We received the letter from the Hyatt Beach House concerning the special assessment. Now I cannot locate the letter, does anyone still have it or know where it can be found on the owners website?
Thanks!


----------



## Sapper (Oct 9, 2022)

bobby111 said:


> We received the letter from the Hyatt Beach House concerning the special assessment. Now I cannot locate the letter, does anyone still have it or know where it can be found on the owners website?
> Thanks!


If it’s that $500 thing, it is brought up every year due to a Florida law, then voted down. If it’s something else, I’m not aware of it.


----------



## ChicagoDave (Oct 9, 2022)

bobby111 said:


> We received the letter from the Hyatt Beach House concerning the special assessment. Now I cannot locate the letter, does anyone still have it or know where it can be found on the owners website?
> Thanks!



I believe this is the letter.


----------



## Sapper (Oct 9, 2022)

Thank you for posting that @ChicagoDave, I did not receive that letter. Interesting they cite keeping the 2023 maintenance fees at an 8% increase to totaling $1596, however, I just received the proposed budget with fees increasing apx 25% to apx $1950.


----------



## Tucsonadventurer (Oct 10, 2022)

Sapper said:


> Thank you for posting that @ChicagoDave, I did not receive that letter.
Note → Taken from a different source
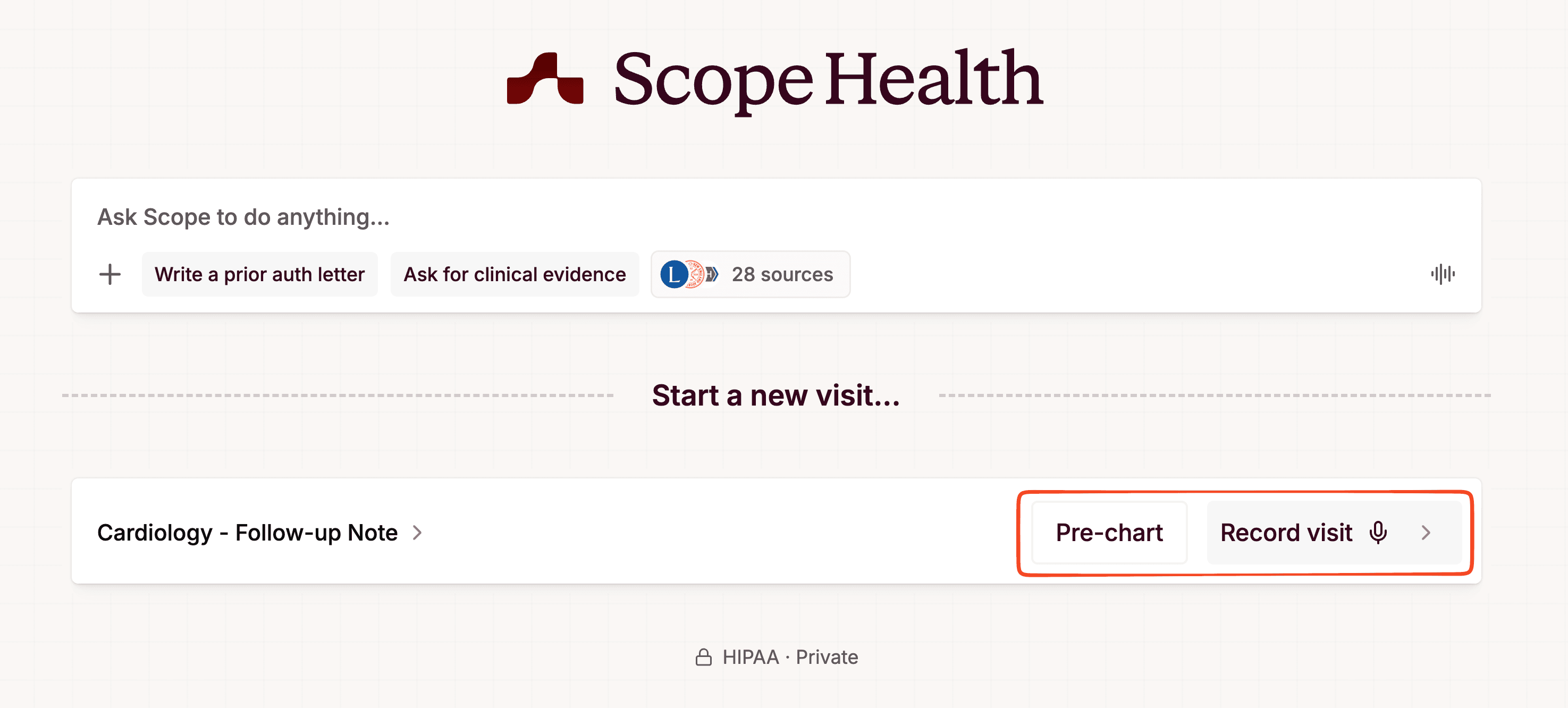 - Click "Record visit" to start recording, or "Pre-chart" to go straight to editing

Interesting they cite keeping the 2023 maintenance fees at an 8% increase to totaling $1596, however, I just received the proposed budget with fees increasing apx 25% to apx $1950.


Is that for 3 yrs only?


----------



## Luvscoffee (Oct 12, 2022)

My understanding is the extra $500 is for 3 years to help cover the unexpected corrosion maintenance.


----------



## cfabar1 (Nov 15, 2022)

Better to pay to have it done than otherwise though.  I am glad they did not adopt a “two-phase” approach.


----------



## bradj (Nov 17, 2022)

ChicagoDave said:


> I believe this is the letter.


Are there others, like me, that never received thie September 9, 2022 letter concerning the extensive repairs, construction interference, and special assessments?


----------



## stover33 (Nov 17, 2022)

I am wondering how this construction could impact bookings to Beach House.  We were considering going in March 2023 which is obviously within the timeline of when construction will be going on.  Is there a chance reservations could be cancelled by the resort once confirmed if construction timelines get changed or delayed?  And also is there any update on access to the pool area, snack bar etc.?


----------



## stover33 (Nov 17, 2022)

bradj said:


> Are there others, like me, that never received thie September 9, 2022 letter concerning the extensive repairs, construction interference, and special assessments?



I believe it was sent by email.  I never got anything via regular mail about it.


----------